The new binding rules penalised physical contact – a significant distinction from rugby and the essential prerequisite for developing an elegant, fair and, above all, limited-contact game in the organised leagues. To this day, opponents must not be pushed away or actively blocked. Anyone who does not adhere to the rules receives a penalty: a green, yellow or red card.
Hockey arrives in Germany
The Hockey Association was followed in 1895 by the All England Woman’s Hockey Association. We owe the first hockey club on German soil to English-speaking hockey players in Hanover and Heidelberg, with the first official ‘competition’ taking place between the English pupils of Pedagogium Bad Godesberg and the Bonn Royal Gymnasium. Sadly, the result has been lost to history.
In 1896, the 1st Hamburger Hockey Club was founded, and the Hanseatic city is still considered to be the stronghold of German hockey today. Hockey was also quickly welcomed elsewhere, particularly in Berlin. In 1899, the Berlin Women’s Hockey Club launched its first club competition.

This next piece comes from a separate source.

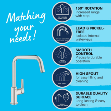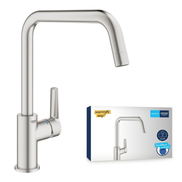 De GROHE Start eengreeps spoelbakkraan met hoge U-uitloop – onze QuickFix bestseller – maakt je keuken weer van deze tijd dankzij de geweldige prestaties en slimme functies in een slank, moderner silhouet. Deze klassieker is aangepast om te voldoen aan de eisen van moderne keukens, met een slank, hedendaags profiel en een 35% hogere uitloop voor meer gebruikerscomfort. Deze keukenkraan is ontworpen voor eengatsinstallatie en de hoge uitloop draait soepel over 150°, wat meer flexibiliteit biedt bij de spoelbak zonder dat je bang hoeft te zijn voor spatten. In de kraan zelf biedt de GROHE SilkMove cartouche technologie voor een soepele en nauwkeurige bediening en GROHE Zero geïsoleerde binnenwateren zorgen ervoor dat je drinkwater lood- en nikkelvrij is. Een instelbare doorstroombegrenzer bespaart water en geld, terwijl een geïntegreerde temperatuurbegrenzer verbranding van heet water helpt voorkomen. De matte, slijtvaste GROHE StarLight-coating maakt gebruik van physical vapour deposition (PVD) voor een tien keer hogere krasbestendigheid dan gewoon chroom. Ontworpen voor eengatsinstallatie en inclusief de QuickGuide en QuickVideo die je vindt door de QR-code te scannen en het gereedschapsloze QuickMount-systeem kan de kraan snel worden gemonteerd. Voor deze kraan wordt een druk van minimaal 1,0 bar aanbevolen.

Hockey goes to the Olympics
In 1908, hockey celebrated its Olympic debut in London – although only for men. Gold was won (no big surprise at the time) by England, with Ireland winning Silver, and Scotland and Wales sharing the Bronze. However, as early as 1928, India came to dominate the sport at the Olympics, winning Gold seven times in a row, with Pakistan interrupting the winning streak on just one occasion (Rome 1960).
Women’s hockey did not become Olympic until Moscow 1980, with Zimbabwe claiming the Gold medal. India leads the medal table for both women and men with eight Gold, one Silver and two Bronze, followed by the Netherlands and Germany – ahead of the ‘traditional’ hockey nations of Australia, Great Britain and Pakistan.
National player Elisa Gräve and her Olympic dream
Polytan proudly supports individual players, with the aim of promoting hockey in Germany. Elisa Gräve played for the national team that won the German Indoor Hockey Championship in 2015 and 2019, became a European Indoor Cup winner in 2016 and a European championship runner-up in Antwerp in 2019. She also counts her participation in the 2018 World Cup (field) in London as one of her most thrilling successes.
She initially discovered hockey thanks to her babysitter, who often played hockey in the garden with her and her brother. For the Düsseldorf HC player, taking part in the Tokyo 2020 Olympic Games has been both a goal and a lifelong dream, and something she prioritised over everything else, including studies, private life and the club season, until she, like so many others, had her plans turned upside down by the Covid-19 pandemic.
Naturally, Polytan continues to support her, so that her dream remains alive, and joins in the hopes that the Tokyo Olympics are merely postponed. Tokyo 2021, here we come!